# Cataclysm GamingMaus und HealBot kompatibel?



## Dranay (2. Dezember 2010)

Hallo allerseits,


habe mir überlegt, dass ich mir zu Weihnachten vielleicht die GamingMaus von WoW Cataclysm holen werde, da die so schön viele Tasten hat.
Benutze derzeit eine Logitech MX1000 Laser und habe da eingentlich schon richtig viel Tasten zur Verfügung. Dummerweise lassen diese sich im HealBot nicht zuweisen und bevor ich mir jetzt eine Maus für fast 90€ kaufe dachte ich mir, ich frag mal hier im Forum rum, ob da jemand Erfahrungen mit hat bzw. mit dem Vorgängermodell.

Ich weiß, dass ich die Tasten wohl irgendwie frei belegen kann, was auch gut und schön ist. Aber ich brauch die Maus halt wegen Healbot, damit ich nicht immer beim SHIFT/STRG/ALT-drücken durcheinander komme 


Wäre nett, wenn sich ein paar Leute melden würden.


Danke im Vorraus



Dranay


----------



## roguff (2. Dezember 2010)

Wie wäre es mit einer Razer Naga ? 
Hat bestimmt genug Tasten auf der Seite, und über die Qualität der Mäuse muss man bei Razer keine Gedanken machen. Die war schon immer top.

Link zur Razer Produktbeschreibung der Maus (Wireless):
http://store.razerzone.com/store/razerusa/en_US/pd/productID.220156700/categoryId.35208800

mit Kabel:
http://store.razerzone.com/store/razerusa/en_US/pd/productID.219936100/categoryId.35208800


----------



## Dranay (2. Dezember 2010)

roguff schrieb:


> Wie wäre es mit einer Razer Naga ?
> Hat bestimmt genug Tasten auf der Seite, und über die Qualität der Mäuse muss man bei Razer keine Gedanken machen. Die war schon immer top.
> 
> Link zur Razer Produktbeschreibung der Maus (Wireless):
> ...



Ja, die hatte ich auch schon im Kopf, aber ich hab mich dann doch mehr richtig der von WoW entschieden.

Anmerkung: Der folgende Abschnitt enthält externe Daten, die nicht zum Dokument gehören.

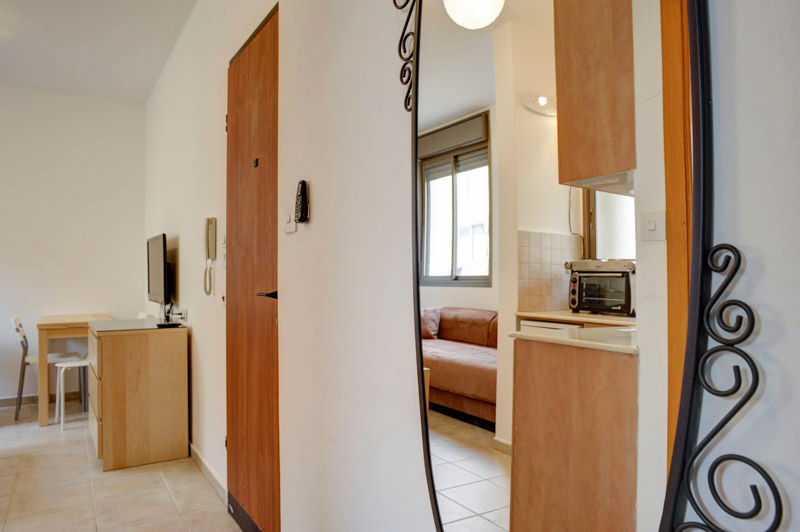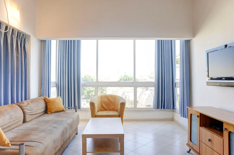 The suite composed from one bed room and one living room That can turn into a studio apartment The apartment size is 26 sq.m. In the living room there is a sofa that opens to 2 beds ,there is a kitchen , shower with toilet . The suites have a fully equipped kitchen with a dinning table and 2 chairs. The suites are with an air condition , 2 sets of LCD TV+ Satellite, wireless internet
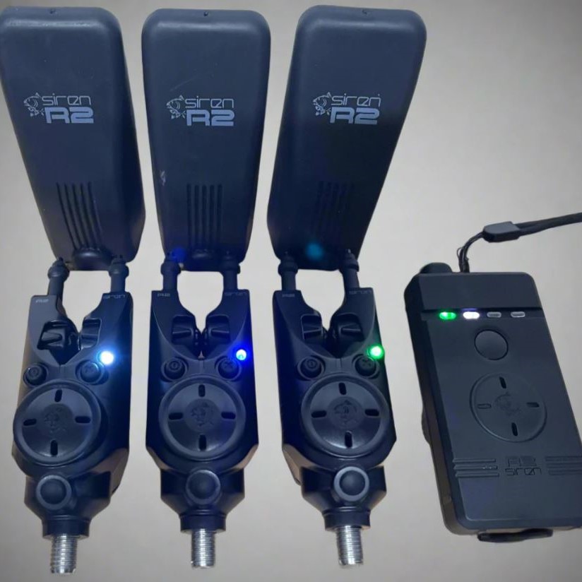The Nash Siren R2 series compact bite alarms, available in a two or three rod presentation set complete with a matching receiver. The R2 is ideal for anglers that prefer a smaller alarm head, and has a screw thread for adding Nash bobbins and slap heads. Each alarm is capable of switching between five different LED colour options, so your no longer stuck with the colour you order. With six sensitivity settings, four volume and five tone settings there’s plenty of scope to tweak your setup. There’s also a low battery warning gives you plenty of notice before you run out of juice

Ich denk einfach, dass es bei der WoW Maus am Wenigsten Probleme gibt mit der Kompatibilität.


----------



## Caps-lock (2. Dezember 2010)

Hurra eine Wowdiskussion .
Ich würde mich eher frage, ob ich mir dann eine preiswertere Maus kaufe und dafür ohne Healbot heile .
Hat bei mir als Bäumchen der für den ganzen Raid verantwortlich war ,immer sehr gut ohne Healbot funktioniert.


----------



## Dranay (2. Dezember 2010)

Caps-lock schrieb:


> Hurra eine Wowdiskussion .
> Ich würde mich eher frage, ob ich mir dann eine preiswertere Maus kaufe und dafür ohne Healbot heile .
> Hat bei mir als Bäumchen der für den ganzen Raid verantwortlich war ,immer sehr gut ohne Healbot funktioniert.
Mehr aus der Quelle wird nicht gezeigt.